Daniel Hauben
From Wikipedia, the free encyclopedia
Daniel Hauben is an American painter who grew up in the Bronx and has received critical acclaim for his paintings and murals.
From his website:
Born and raised in the Bronx, Daniel Hauben is acclaimed as the borough’s most versatile and prolific painter. Working in both oil paint and chalk pastel, he has spent 25 years capturing the life of the Bronx on canvas or paper, setting up his easel en plein air on street corners and overpasses, under elevated subway trains or in playgrounds. “I’m a landscape painter,” he says. “It just so happens that the landscape I paint is most often the Bronx.”
His work captures the play of light and shadow in the urban environment: the patterns cast on the street by the elevated train trestles, the windows of apartment buildings gilded at sunset, the sharp white heat of a sidewalk in high summer, or the deeply shadowed canyons between tall buildings in late autumn afternoons.
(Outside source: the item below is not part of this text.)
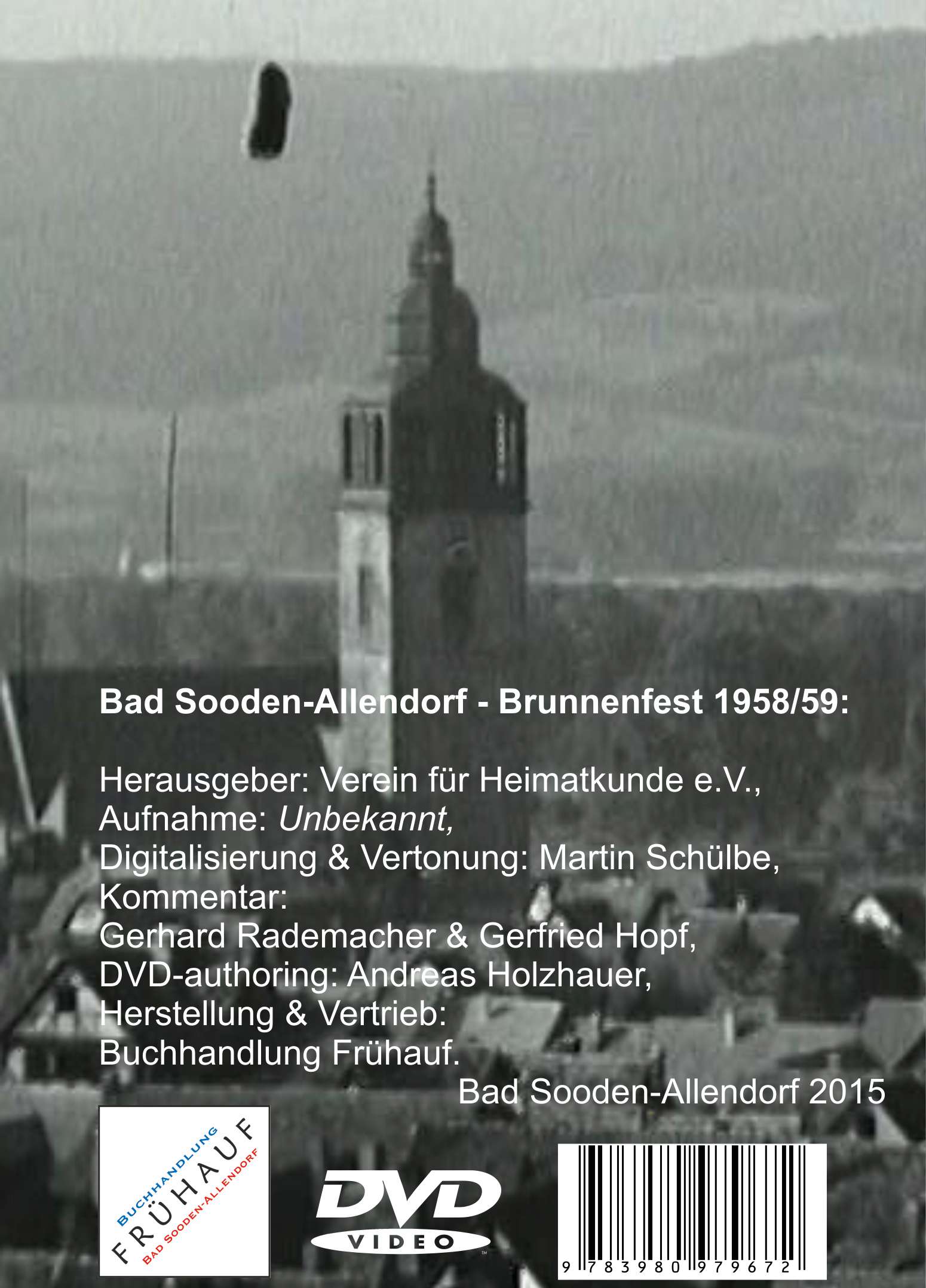 Im Jahre 2010 fand Gerd Rademacher vom Verein für Heimatkunde bei einer Haushaltsauflösung auf dem Dachboden etliche Rollen Super8-Filmmaterials. Diese Orginalaufnahmen, die Bilder aus Bad Sooden-Allendorf und insbesondere von den Brunnenfesten 1958 und 1959 zeigen, wurden digitalisiert und liegen auf dieser DVD nun in einer von Gerd Rademacher und Gerfried Hopf kommentierten Fassung, einer unkommentierten Fassung und einer unbearbeiteten Fassung (Rohfassung) vor. Die Rohfassung zeigt Bilder auch von Ausflügen und vermutlich Klassenfahrten nach Südeuropa, da diese aber nicht zu zuordnen waren, hat sich der Herausgeber für diese drei Varianten (kommentierte, unkommentierte und Roh- Fassung) entschieden.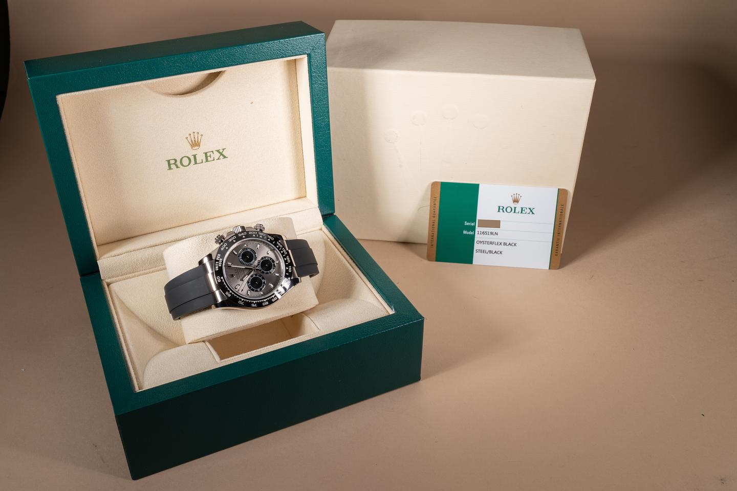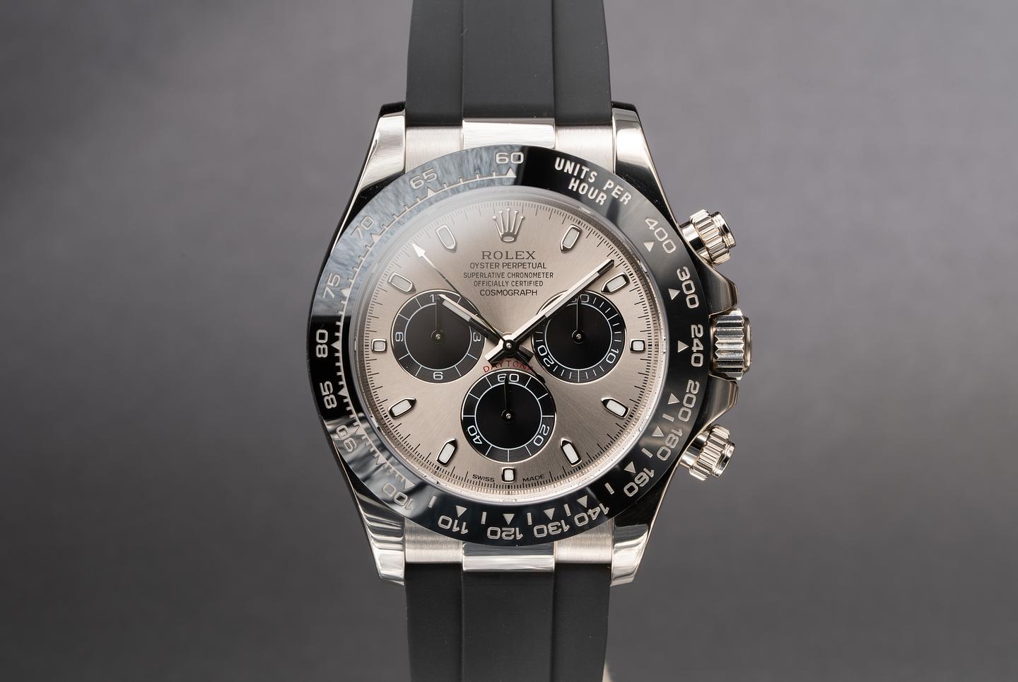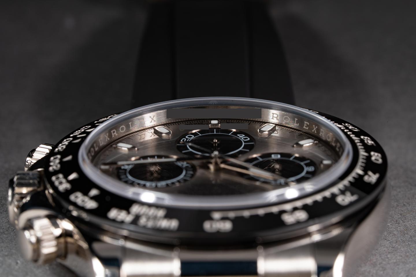 Bracelet: The Rolex Oysterflex brand is excellent with a matching 18k white gold buckle that shows some light wear from use.

An avid traveler, Hauben has journeyed far afield, carrying his painting supplies and easel with him. “There is no better way to learn about a new place than to set up your easel on a corner and paint the life that revolves around you,” he says. Hauben has painted in Spain, Italy, Germany, Denmark, Austria, Hungary, France, Southern India and Costa Rica, as well as New York, Connecticut, Massachusetts, Virginia and California.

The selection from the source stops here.